13 thoughts on “Bach Flower Remedies: Do They Work?

  1. I’ve always been fascinated/perplexed by the placebo response – in particular, how placebos have become more effective over time. How can that be?
    Perhaps the effect is not tied to any placebo being given, but to the expression of empathy shown by the act of prescribing the placebo. If so, does that mean placebos are more effective now than before because empathy is harder to come by than previously? I can see that being the case where person-to-person inetraction is becoming less frequent.
    And if the placebo effect is tied to that inetraction – maybe animals are subject to the effect to.

  2. Do you remember where you read that placebos have become more effective over time? That’s interesting! I definitely think that compassion–and also someone acknowledging that you are experiencing a problem–could play a role. I imagine that one of the reasons why massage and talk therapy can be so helpful is because someone is paying attention to you! That’s a good point about animals responding to care. I hadn’t thought about that.

  3. Nice article. I have to comment, though, that using Rescue Remedy for testing purposes isn’t really going to work as it’s diluted to begin with, or it just happens that one of the 5 remedies in it are correct.

    The thing about the BFR is that they don’t work if you choose the right one. Choosing the right one means that you need to understand what the cause is.

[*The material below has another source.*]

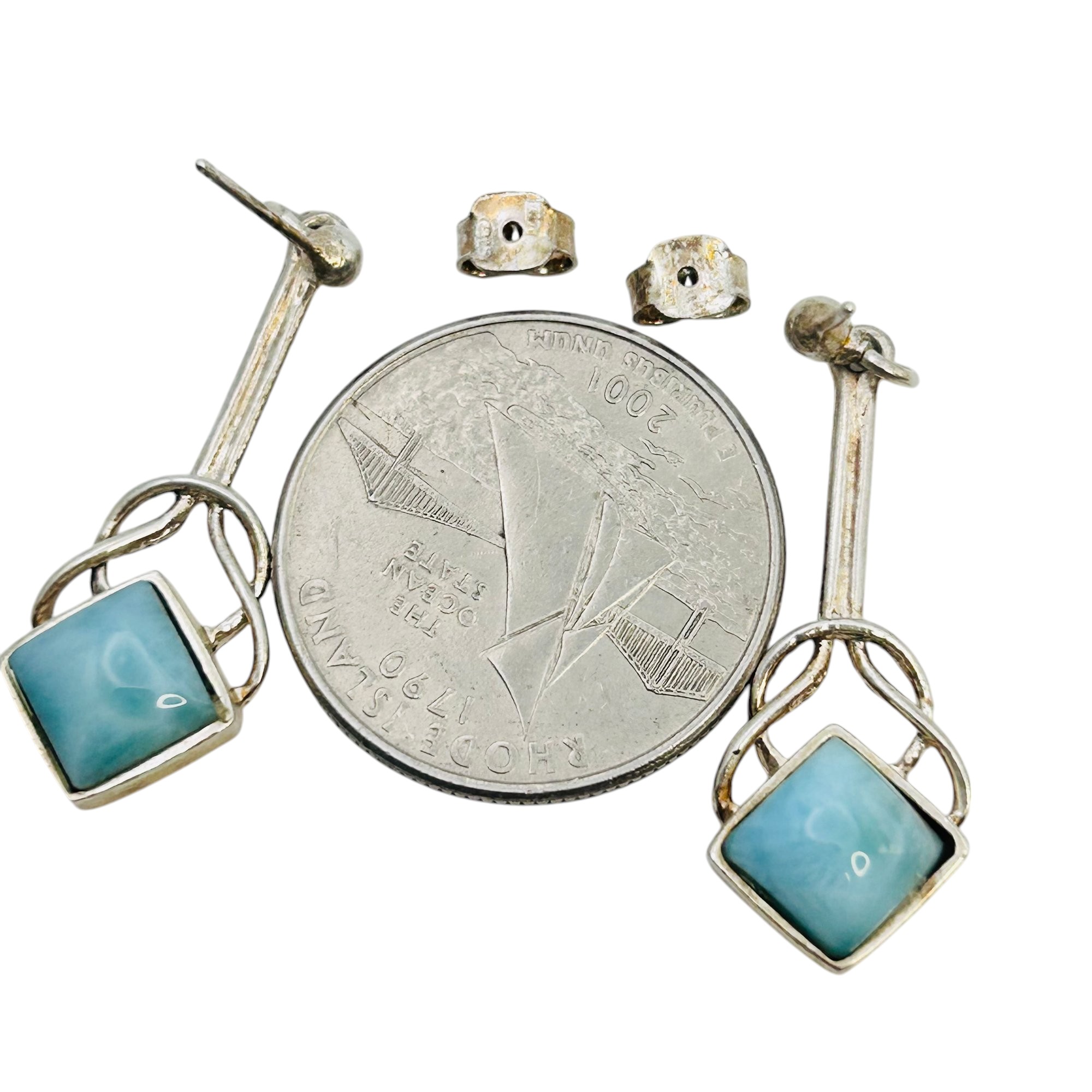 LARIMAR Italy Sterling pushback dangle earrings 4.62 g

    For those having anxiety, that would most likely be Aspen, though Larch, Gentian Mimulus would also be a likely candidate to use.

    Using the wrong remedy is like replacing a working fuse in a fuse box and saying, hey, this light is still not working, this fuse is bunk.

    One thing I can guarantee, they are not a placebo, but they do take skill to use.

    Thanks for the article.

    • That is definitely one of the criticisms of the current studies that people have made. Everybody tends to get the same remedy, and it’s possible that other remedies may have had different effects. My guess is that Rescue Remedy was used because it’s very popular, but you make a fair point!

      • Thank you. Really, though, the easiest way to prove if they are a placebo or not is to use Rescue Cream on a burn and see how fast the pain goes and how quickly it heals. This works on second degree burns amazingly well. No way a placebo could heal something like that.

  4. I was one of the ones that bought Rescue Remedy from the vet for my dog. I sure wanted it to work for him and for me, but I had no luck. I gave up the first time and even bought it a second time I wanted it to work so bad.

  5. Rescue Remedy was recommended to me for a dog I had with severe anxiety (he was a rescued racing greyhound). I investigated the Remedy, and decided that putting a several drops of brandy into my dog’s water (or mouth) four or five times a day might indeed be calming, but that I didn’t think it was a good approach to Arthur’s care. Especially after that time I caught him guzzling down a glass of red wine I had left on the coffee table…

  6. I have eczema on the palm of the hand, I have it for 8 months, during this time, different doctors prescribed me different drugs, but without any results at all, so I decided to use Bach Flower ‘CRAB APPLE’, I’m using this for two weeks now I am without inflammation,The hand still a rough skin. I hope I’m cured, it was bothering me to much.